» **PROBLEM TO WORK ON**:
Below is a listing with pictures. Repeat exactly the lines starting at the one holding "MODEL : SFH-PT-04-05" and going on through the one holding "The mixed shrubland", and leave every picture out.

» **RECORDS FOR THIS TASK**:
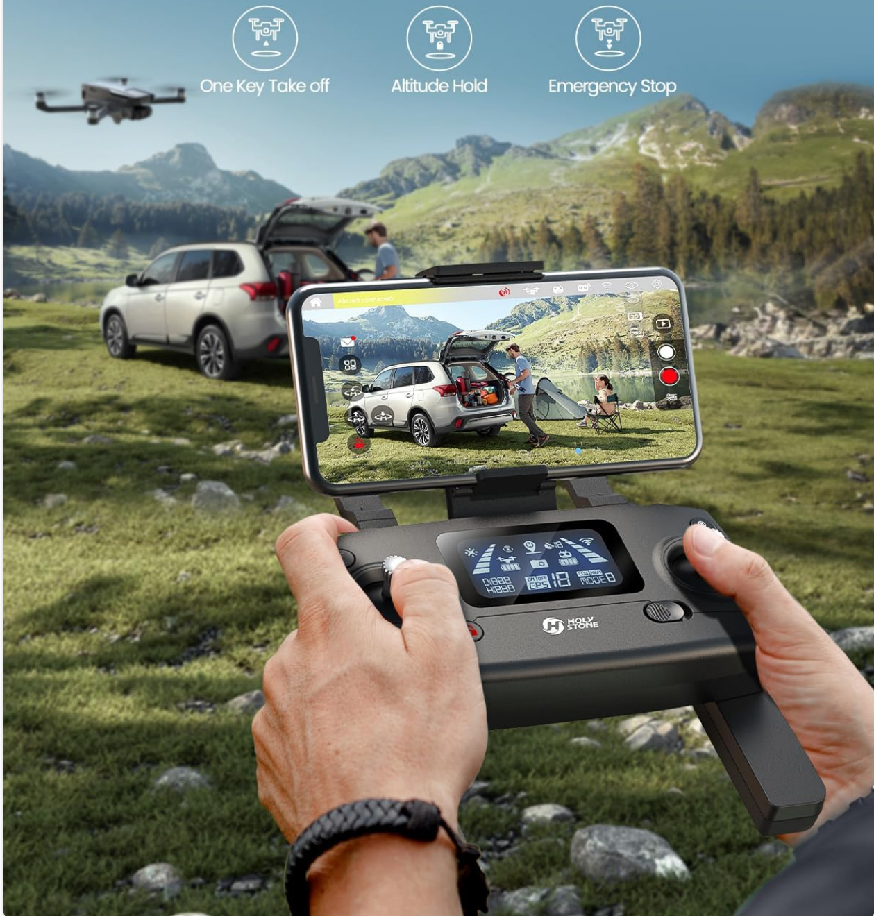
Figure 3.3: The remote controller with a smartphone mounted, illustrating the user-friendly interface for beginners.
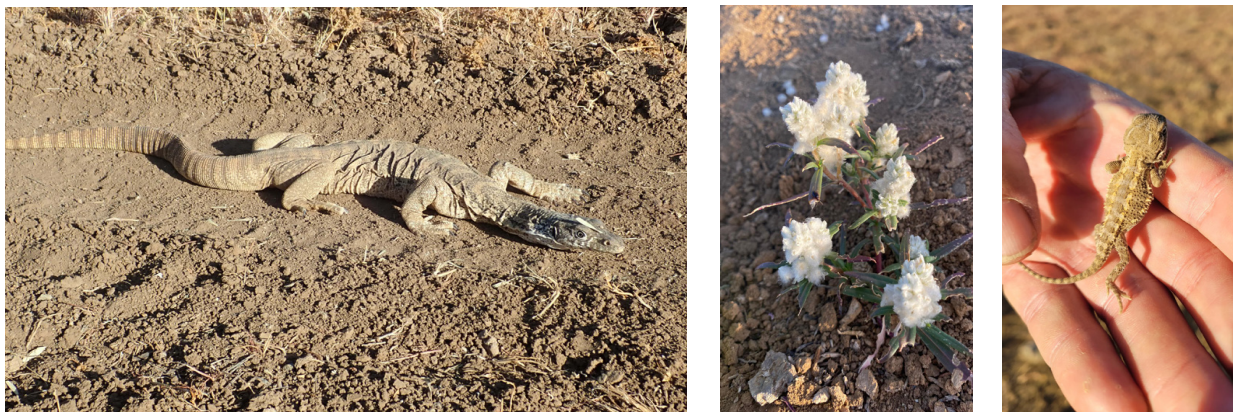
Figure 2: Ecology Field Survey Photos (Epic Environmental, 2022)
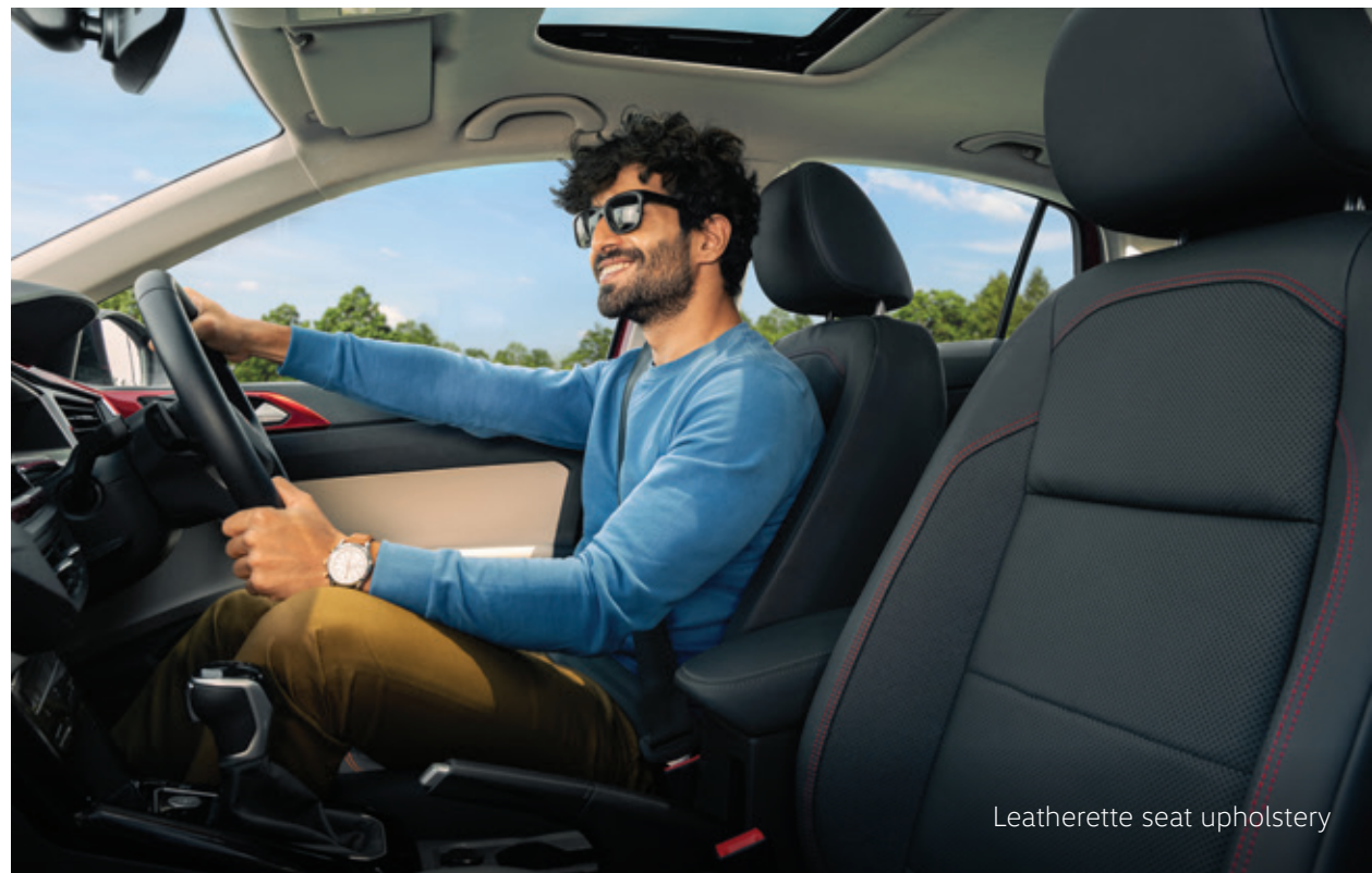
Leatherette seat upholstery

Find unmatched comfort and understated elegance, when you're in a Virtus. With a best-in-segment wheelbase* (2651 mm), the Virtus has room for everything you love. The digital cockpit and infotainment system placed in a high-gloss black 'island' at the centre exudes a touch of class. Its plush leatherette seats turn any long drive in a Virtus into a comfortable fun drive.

--

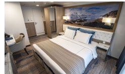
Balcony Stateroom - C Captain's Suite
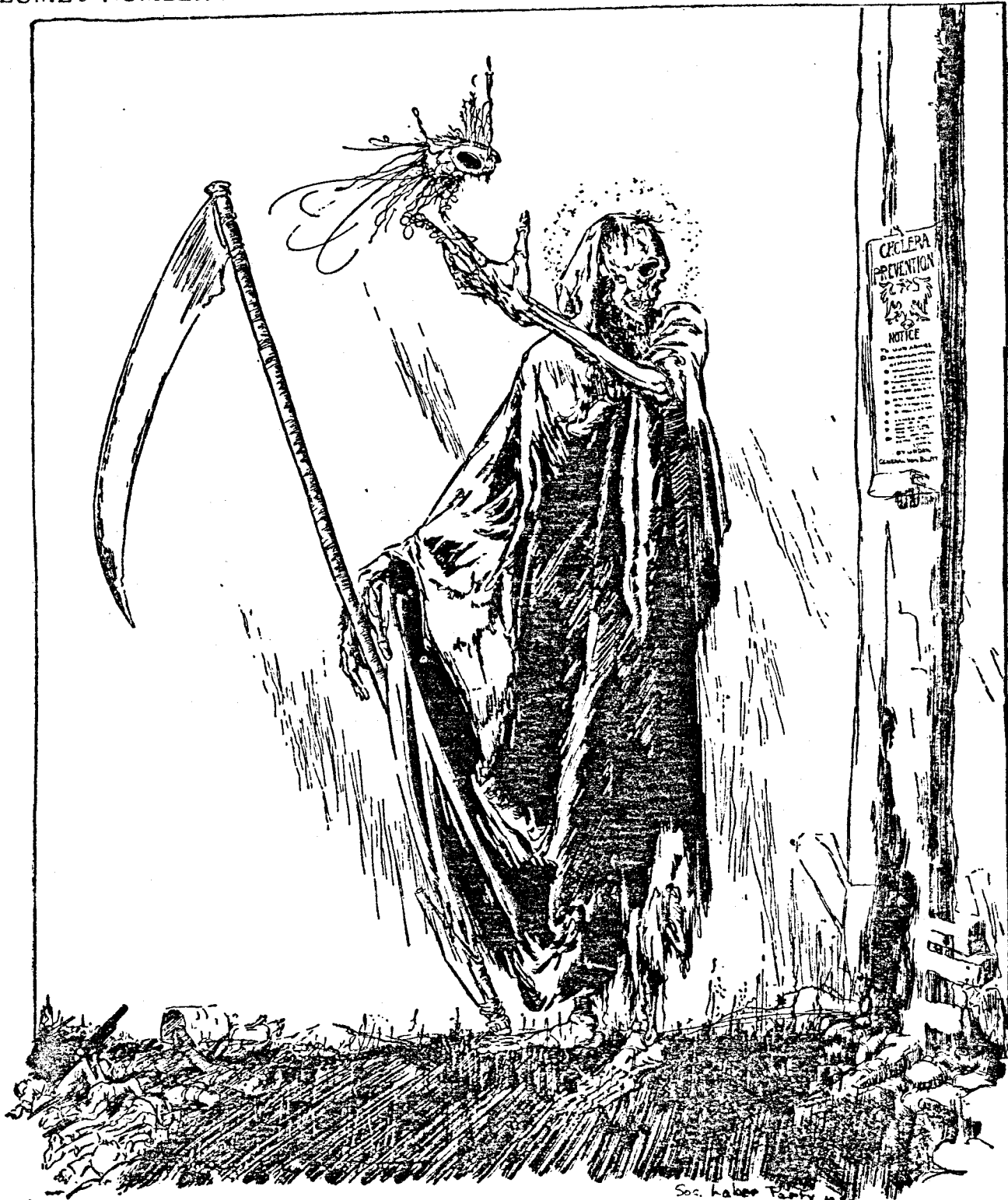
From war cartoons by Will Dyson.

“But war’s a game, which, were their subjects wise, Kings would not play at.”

--

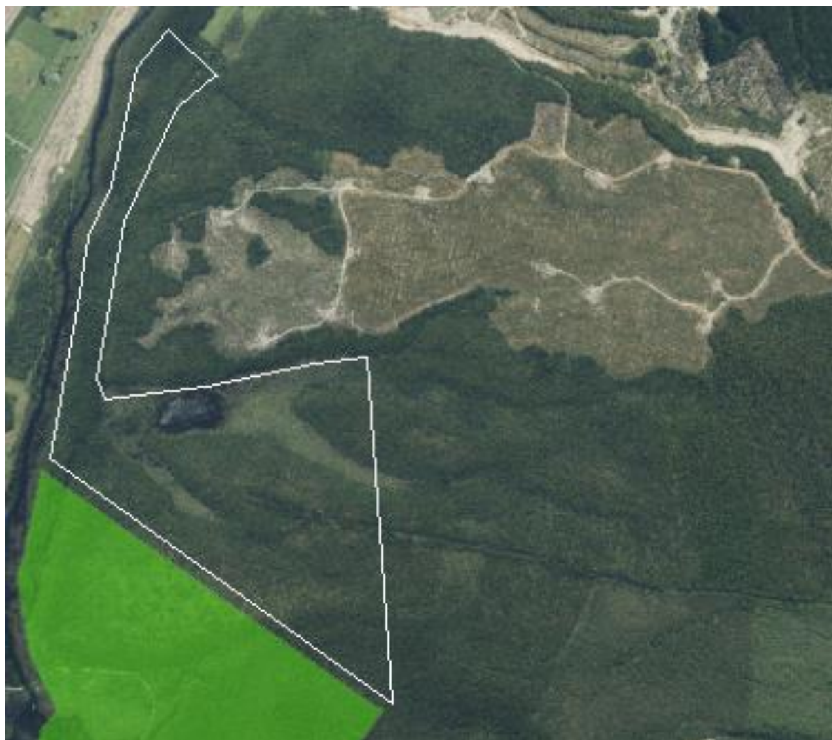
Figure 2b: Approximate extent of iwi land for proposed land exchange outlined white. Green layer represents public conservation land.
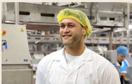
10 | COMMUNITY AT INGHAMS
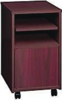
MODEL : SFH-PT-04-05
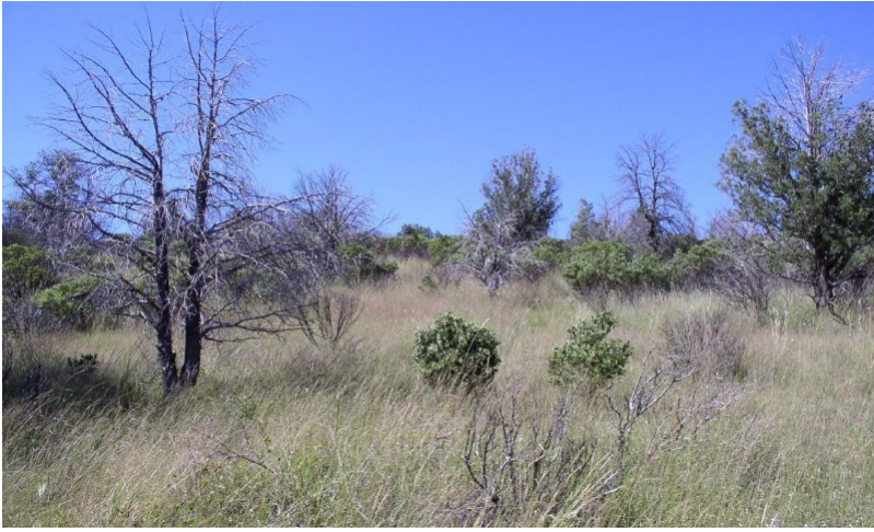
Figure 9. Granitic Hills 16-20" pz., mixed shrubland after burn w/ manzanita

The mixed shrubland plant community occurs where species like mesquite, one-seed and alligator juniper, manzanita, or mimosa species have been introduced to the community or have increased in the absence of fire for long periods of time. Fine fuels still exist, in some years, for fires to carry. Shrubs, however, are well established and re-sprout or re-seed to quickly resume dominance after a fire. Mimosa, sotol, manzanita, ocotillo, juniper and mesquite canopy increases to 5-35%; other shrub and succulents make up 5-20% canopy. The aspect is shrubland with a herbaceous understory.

» **TASK OUTPUT**:
MODEL : SFH-PT-04-05
Figure 9. Granitic Hills 16-20" pz., mixed shrubland after burn w/ manzanita

The mixed shrubland plant community occurs where species like mesquite, one-seed and alligator juniper, manzanita, or mimosa species have been introduced to the community or have increased in the absence of fire for long periods of time. Fine fuels still exist, in some years, for fires to carry. Shrubs, however, are well established and re-sprout or re-seed to quickly resume dominance after a fire. Mimosa, sotol, manzanita, ocotillo, juniper and mesquite canopy increases to 5-35%; other shrub and succulents make up 5-20% canopy. The aspect is shrubland with a herbaceous understory.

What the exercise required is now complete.